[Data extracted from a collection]
<<<<
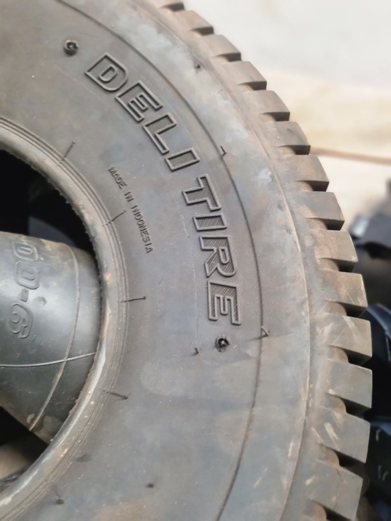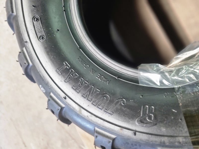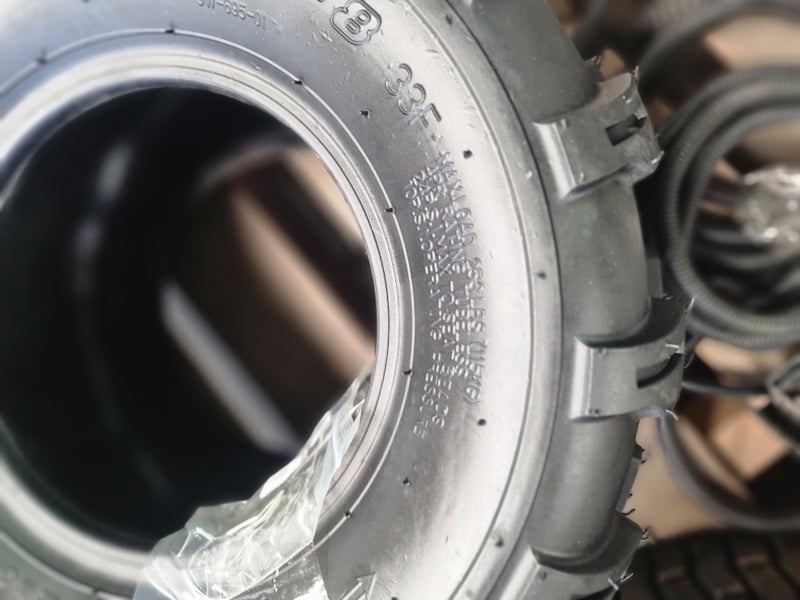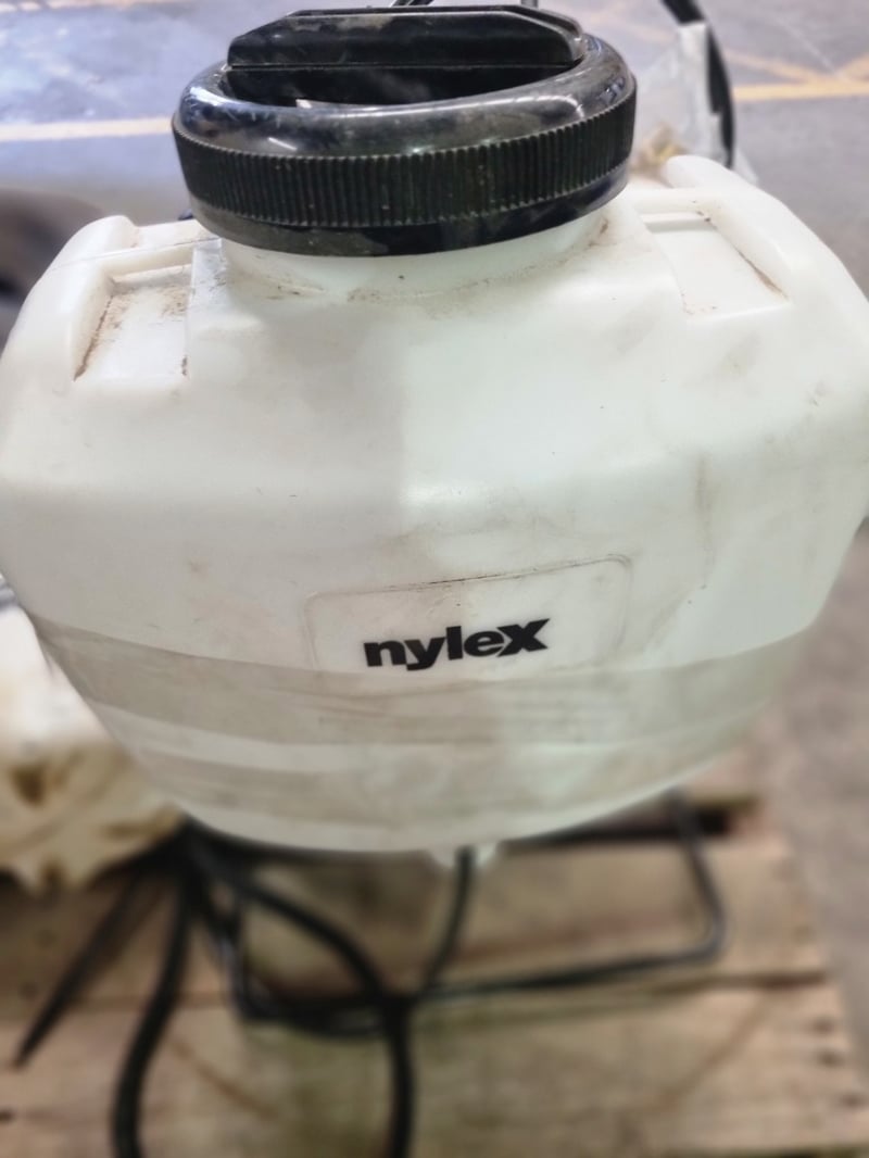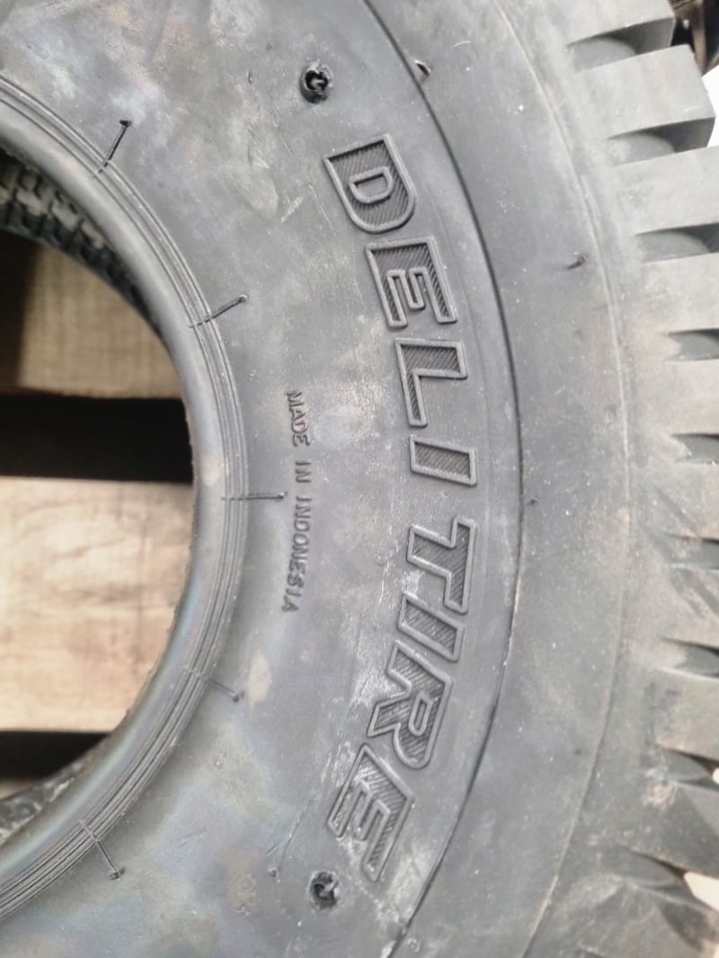 Lot comprises used agricultural and industrial tyres with garden spraying equipment. Includes three black tyres (two marked 20x8.00-8 NHS "Not for Highway Service" Delityre brand, one marked AT18x9.5-8 38F).
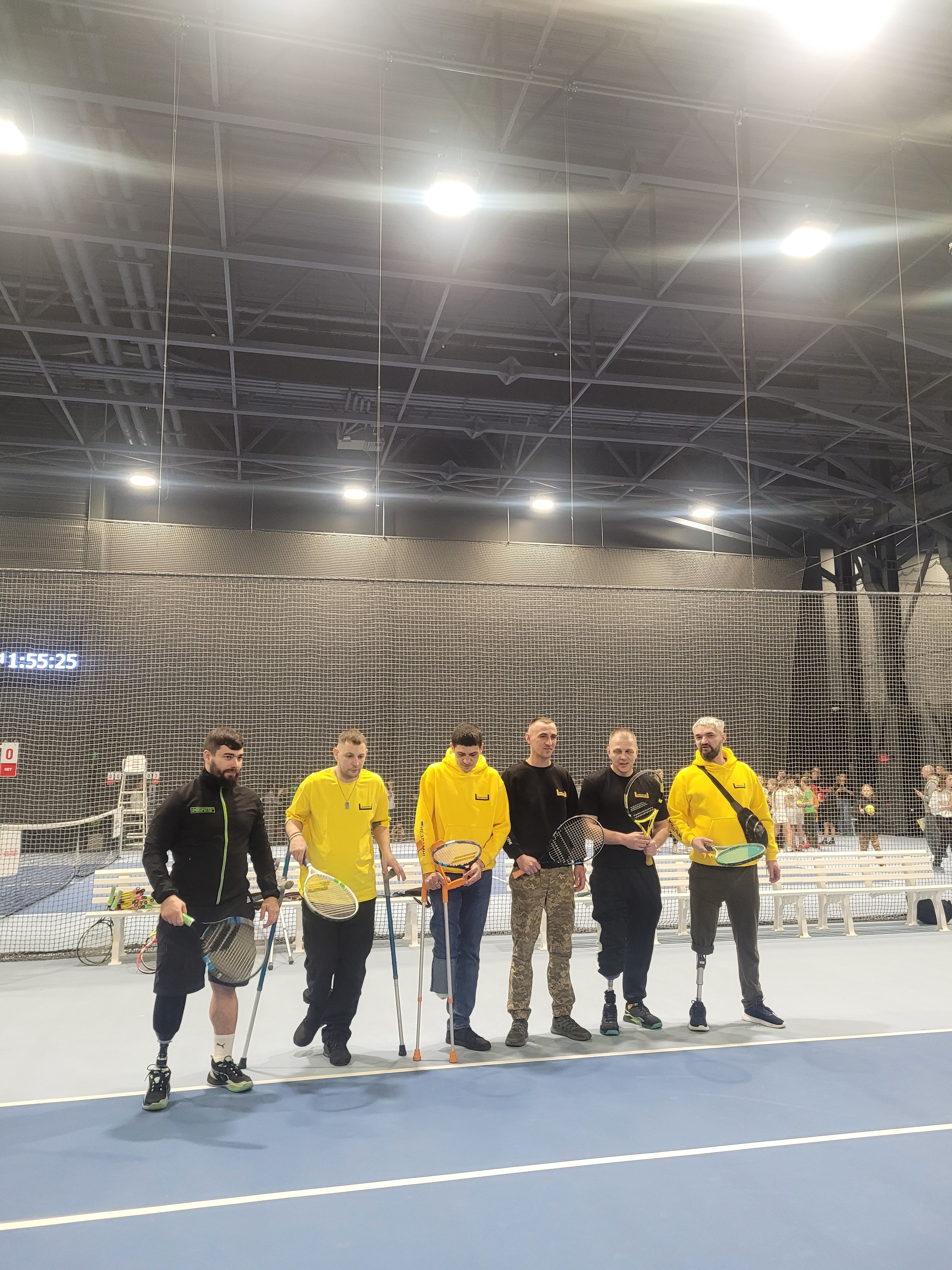 Мастер-класс был настолько насыщен событиями, что у Элины и Сергея просто не было времени выдохнуть. Не успели все счастливые дети уйти с корта, как на покрыве появились украинские военные, которые проходят реабилитацию в центре "Unbroken".
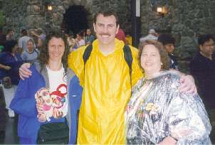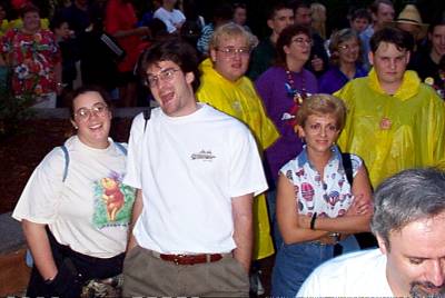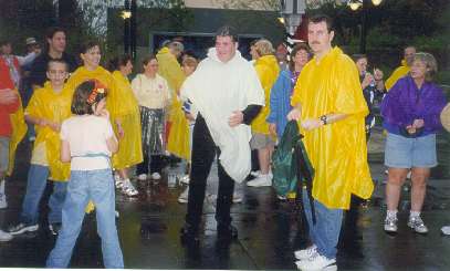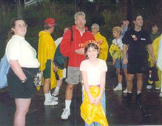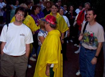 It was starting to rain not too long after I arrived at the Studios, and I still had some time, so I went into a couple of the shops - and it started to POUR. It rained pretty hard for about 20 minutes, then let up some, and I hoped that people would show up for the meet. I sought shelter just outside the last shop on Sunset Boulevard, and snagged a few people as they went by - including Lee, who had brought my jacket. :-) A little before 5:00 we went down to the front of the Tower, and discovered quite a yellow poncho-clad group. :-) Though by then (fortunately) the rain had mostly let up. We discovered that RADPers are pretty die-hard when it comes to the Tower of Terror! :-)
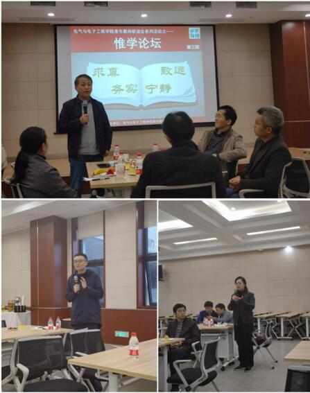 了增进教师间的沟通交流,帮助青年教师进一步的教学成长,2021年3月31日下午两点钟,由华中科技大学电气与电子工程学院青年教师联谊会主办的惟学论坛系列讲座第三期于电气大楼B203顺利举行,主题为“青年教师的教学进阶之路”。本次活动邀请了2020年国家首批一流线下课程(金课)团队—《电磁场与波》教学天团作客,学院主管教学工作的李红斌副院长与杨勇教授作为特邀嘉宾,为广大青年教授们亲身传授教学经验,解读教学工作的相关政策,深入研讨如何做好教学工作以及为青年教师解答在教学进阶之路上遇到的困惑。
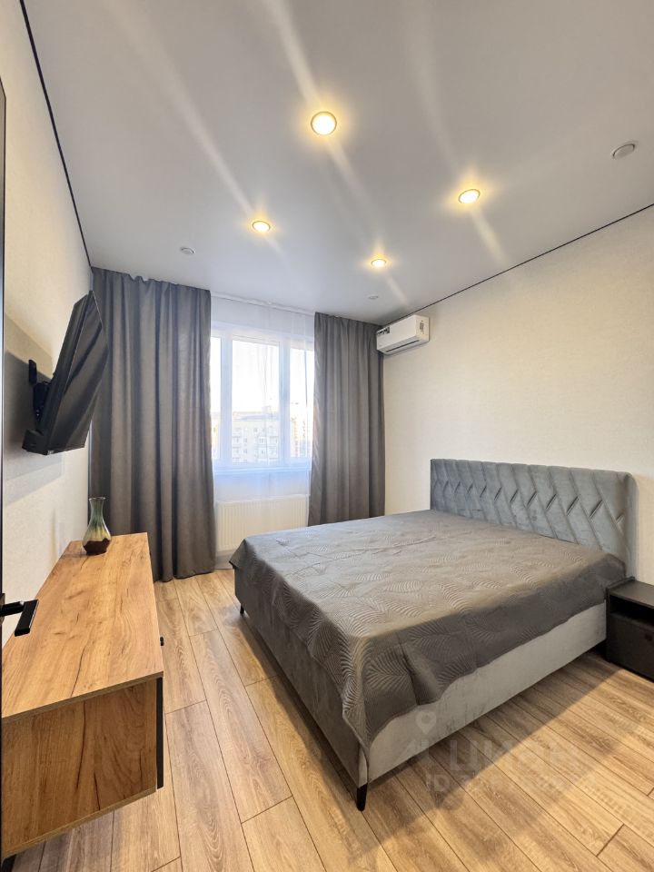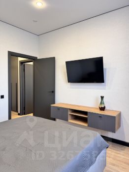 В спальне телевизор, большая кровать.
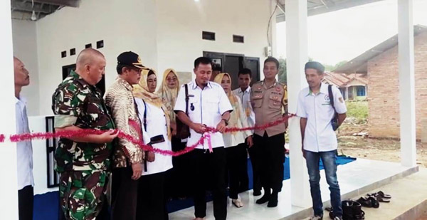 Serah terima hasil pembangunan fisik ini ditandai dengan pemotongan pita oleh Marta Gunawan.
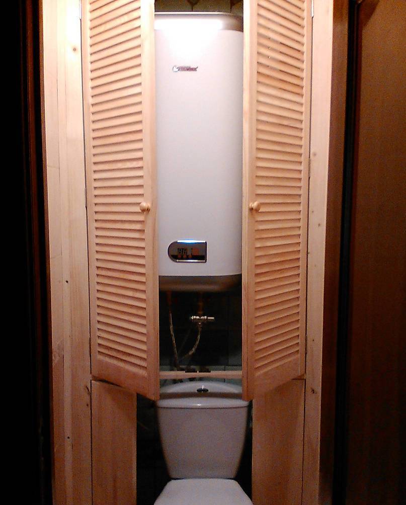 На фото решетчатые дверцы, закрывающие бойлер для подогрева воды
>>>>
▶ **What you will do**
Word for word, write out the lines from the top of the records above down to the line holding "Мастер-класс был настолько", inclusive, but not the pictures.

▶ **Result**
 Lot comprises used agricultural and industrial tyres with garden spraying equipment. Includes three black tyres (two marked 20x8.00-8 NHS "Not for Highway Service" Delityre brand, one marked AT18x9.5-8 38F).
 Мастер-класс был настолько насыщен событиями, что у Элины и Сергея просто не было времени выдохнуть. Не успели все счастливые дети уйти с корта, как на покрыве появились украинские военные, которые проходят реабилитацию в центре "Unbroken".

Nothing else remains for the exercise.